▶ [Information provided]
==========

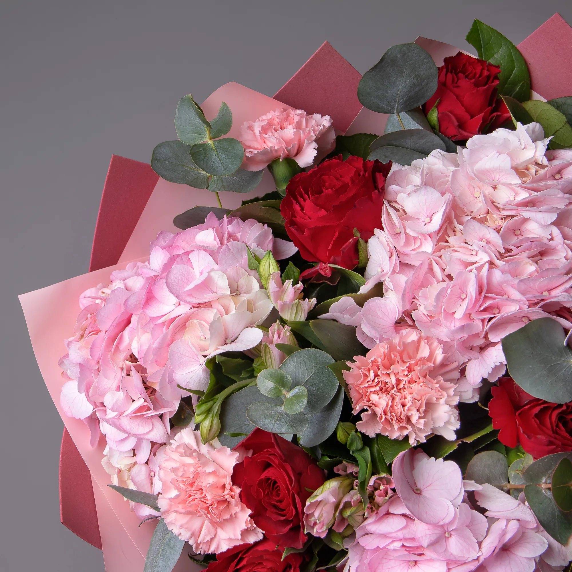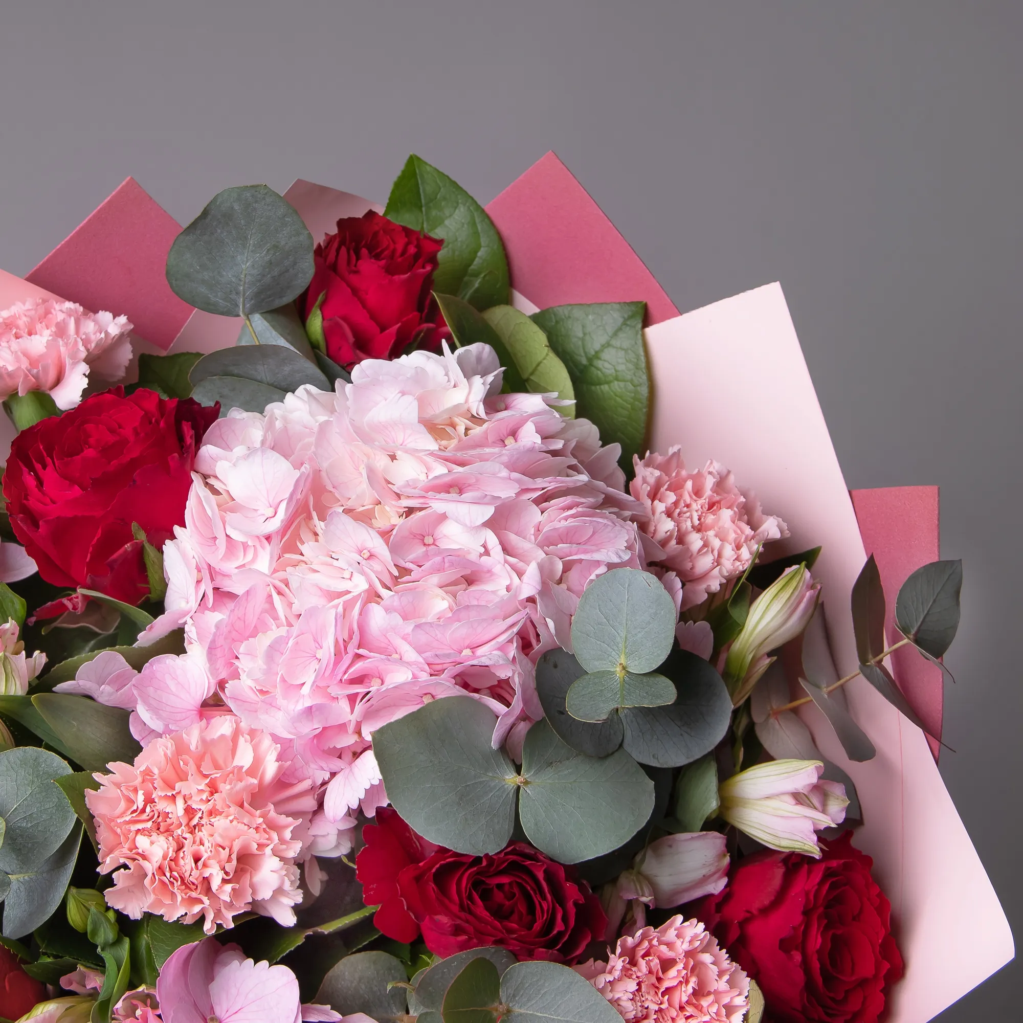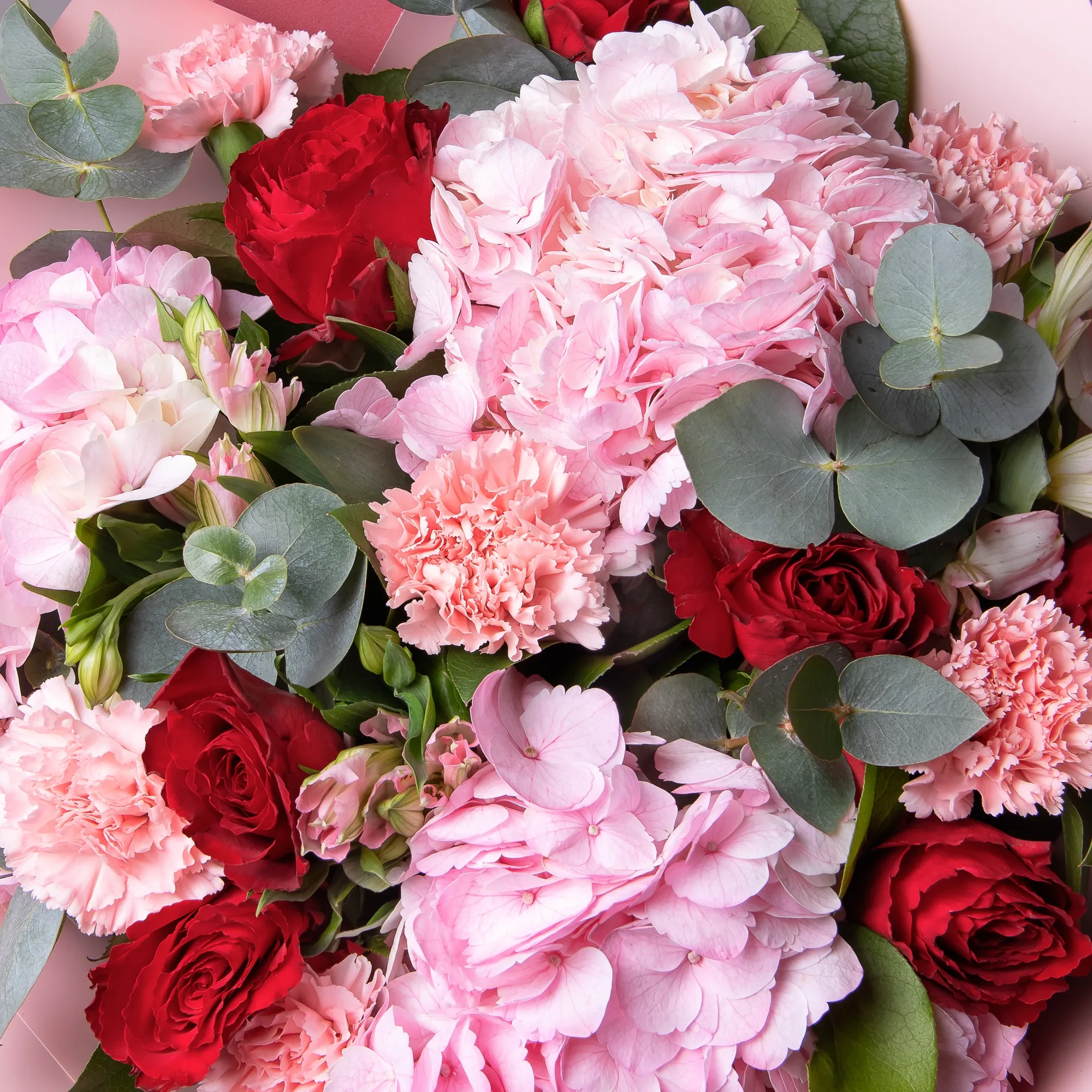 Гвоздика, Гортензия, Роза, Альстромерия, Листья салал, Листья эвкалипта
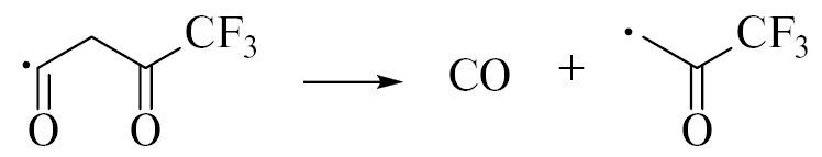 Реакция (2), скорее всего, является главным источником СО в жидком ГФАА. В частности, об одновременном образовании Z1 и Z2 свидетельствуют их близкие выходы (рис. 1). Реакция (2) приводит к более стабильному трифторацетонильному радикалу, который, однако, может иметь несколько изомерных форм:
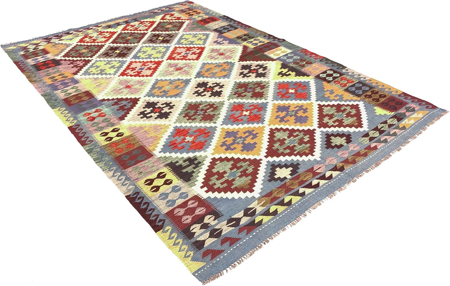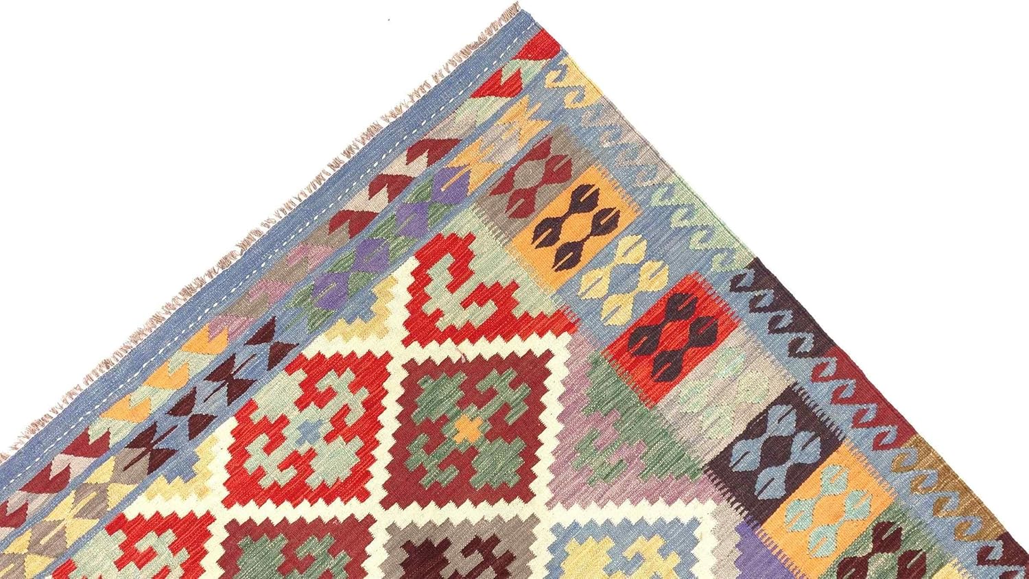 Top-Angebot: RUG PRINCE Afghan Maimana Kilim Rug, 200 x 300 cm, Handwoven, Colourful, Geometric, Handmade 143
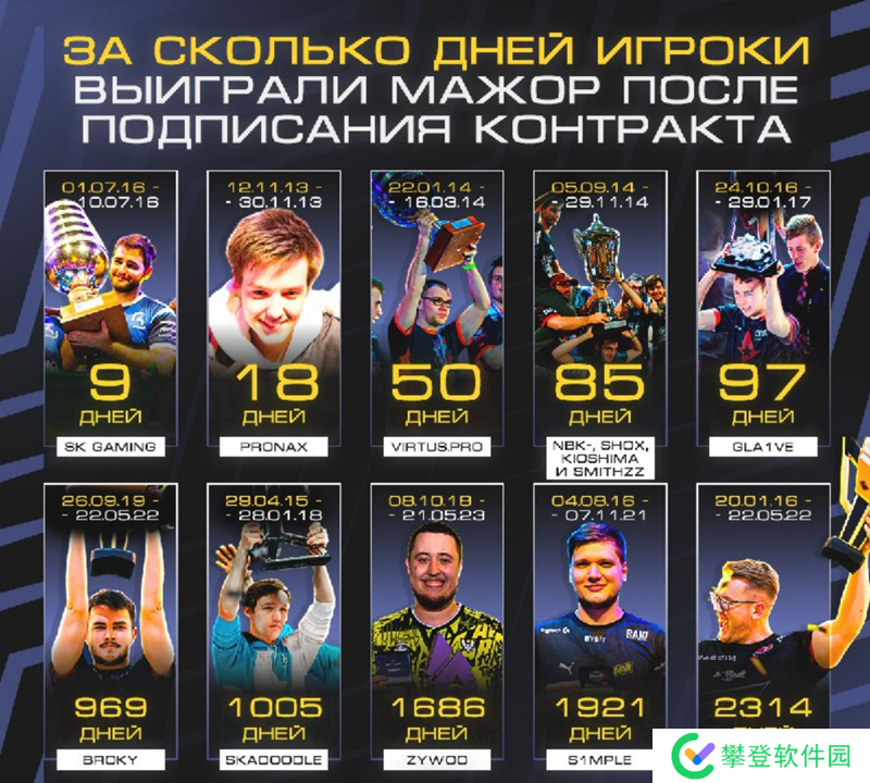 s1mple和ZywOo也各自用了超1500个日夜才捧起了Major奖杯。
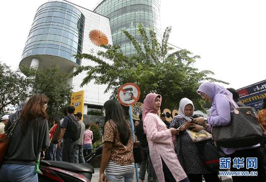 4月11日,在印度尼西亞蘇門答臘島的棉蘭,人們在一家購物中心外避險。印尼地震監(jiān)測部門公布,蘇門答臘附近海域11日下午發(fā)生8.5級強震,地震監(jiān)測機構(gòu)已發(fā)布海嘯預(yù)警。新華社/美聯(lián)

==========

Word for word, output the lines from the line bearing "Реакция (2), скорее" through the end of the records above, and only those, without the pictures.

▶ [Expected answer]
 Реакция (2), скорее всего, является главным источником СО в жидком ГФАА. В частности, об одновременном образовании Z1 и Z2 свидетельствуют их близкие выходы (рис. 1). Реакция (2) приводит к более стабильному трифторацетонильному радикалу, который, однако, может иметь несколько изомерных форм:
 Top-Angebot: RUG PRINCE Afghan Maimana Kilim Rug, 200 x 300 cm, Handwoven, Colourful, Geometric, Handmade 143
 s1mple和ZywOo也各自用了超1500个日夜才捧起了Major奖杯。
 4月11日,在印度尼西亞蘇門答臘島的棉蘭,人們在一家購物中心外避險。印尼地震監(jiān)測部門公布,蘇門答臘附近海域11日下午發(fā)生8.5級強震,地震監(jiān)測機構(gòu)已發(fā)布海嘯預(yù)警。新華社/美聯(lián)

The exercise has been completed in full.